A new website called HackerLeaks, reportedly launched last week by members of hacker-activist collective Anonymous, invites users to submit hacked data for analysis and publication.
Similar to the whistleblower website WikiLeaks, HackerLeaks operatives “receive documents through anonymous submission channel, analyze them, and then distribute them to the press,” Forbes's Andy Greenberg reported on Thursday.
The organization’s official mission statement, available on the HackerLeaks website (here), reads,
“In both security as well as overall strategy, HackerLeaks is closely modeled on WikiLeaks. Our first priority is to provide a safe, secure - and anonymous way for hackers to disclose sensitive information. Our team of analysts first carefully screens each submission for any possible trace of the senders identity. Our second commitment is to ensure that each and every leak receives the maximum exposure possible in order to achieve the most profound political impact for the risks taken by those submitting material. To that end, we work with media outlets all over the world.”

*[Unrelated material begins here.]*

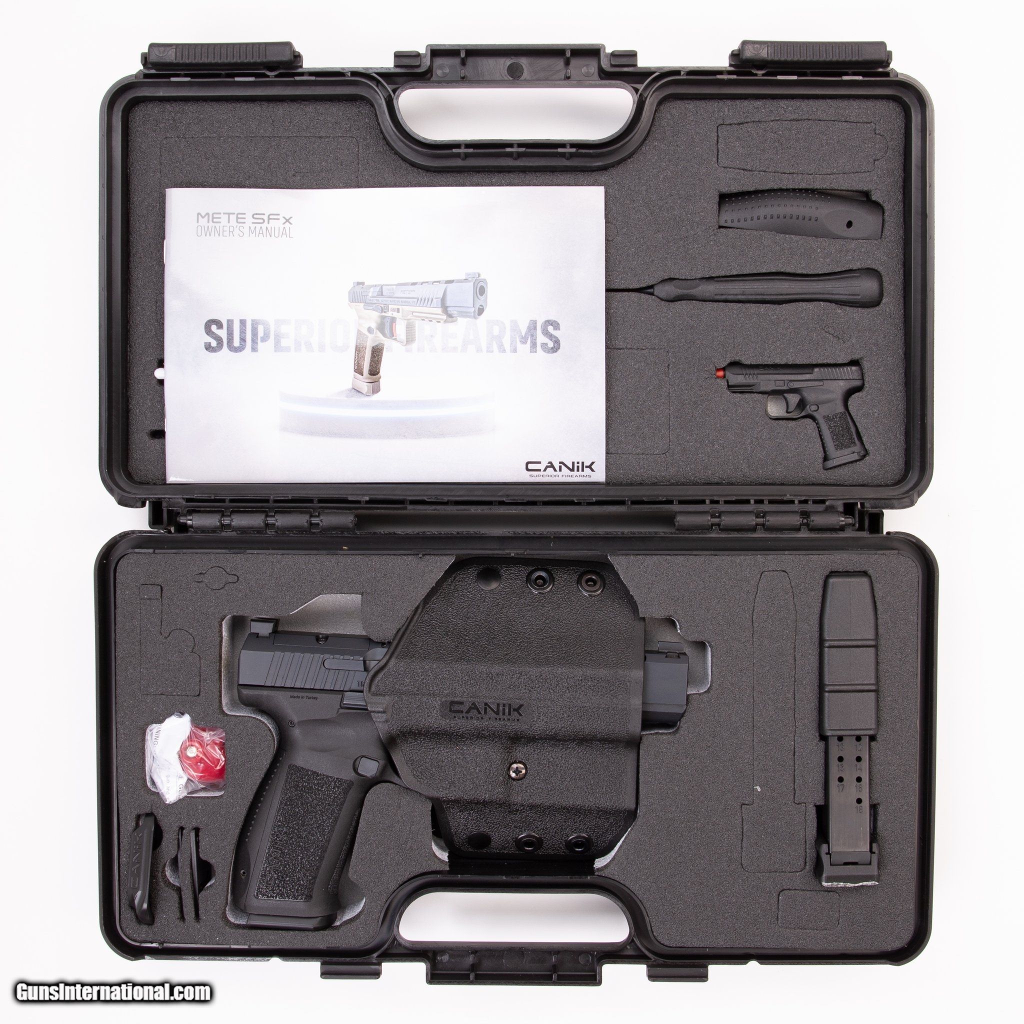 Description: Guns Listing ID: 400413 This Canik METE SFX includes the original case, manual, one 18-round magazine, one 20-round extended magazine (18+2), backstraps, loader, a right-handed OWB holster, Canik tool kit, and a flared magwell. It is optics-ready with an optic plate kit. Get the best bang for your buck when you get a Certified Used Firearm . When you see the Certified Used stamp on any of our firearms, you can be confident that you‚‚re getting exactly what you want – a gun only in very good to excellent condition and held to the highest quality standard. All Certified Used Guns come with a ‚‚no questions asked‚‚ return policy . PLUS, ALL CERTIFIED USED GUNS SHIP FR SOLD Manufacturer: CANIK Model: METE SFX Caliber Info: 9MM LUGER (9X19 PARA) Condition: Used - Certified Barrels: 5.2 BARREL Finish: BLACK Weight: 1.6 lbs. |

Amidst recent Internet security breaches, independent hackers have been utilizing sites such as Pastebin to release compromised data. HackerLeaks, on the other hand, claims to provide an added incentive, offering “maximum exposure and political impact” as a result of such "leaks".
“We just wanted to make our own offering, compete in the disclosure marketplace and maybe fill a unique role if we can,” says a HackerLeaks representative who spoke to Greenberg over instant message.
As of this writing, there has been one anonymous submission to HackerLeaks –– a leak containing personal information of Orlando officials. Time will tell whether or not more hackers will utilize HackerLeaks in order to publicize the data that they’ve taken.
Anonymous has reportedly launched a "war" against the city of Orlando to voice disapproval over the arrests of non-profit workers who distribute food to the homeless without obtaining permits from the city. The group claimed that it will target "city web assets," and apparently downed the Orlando Florida Guide soon thereafter.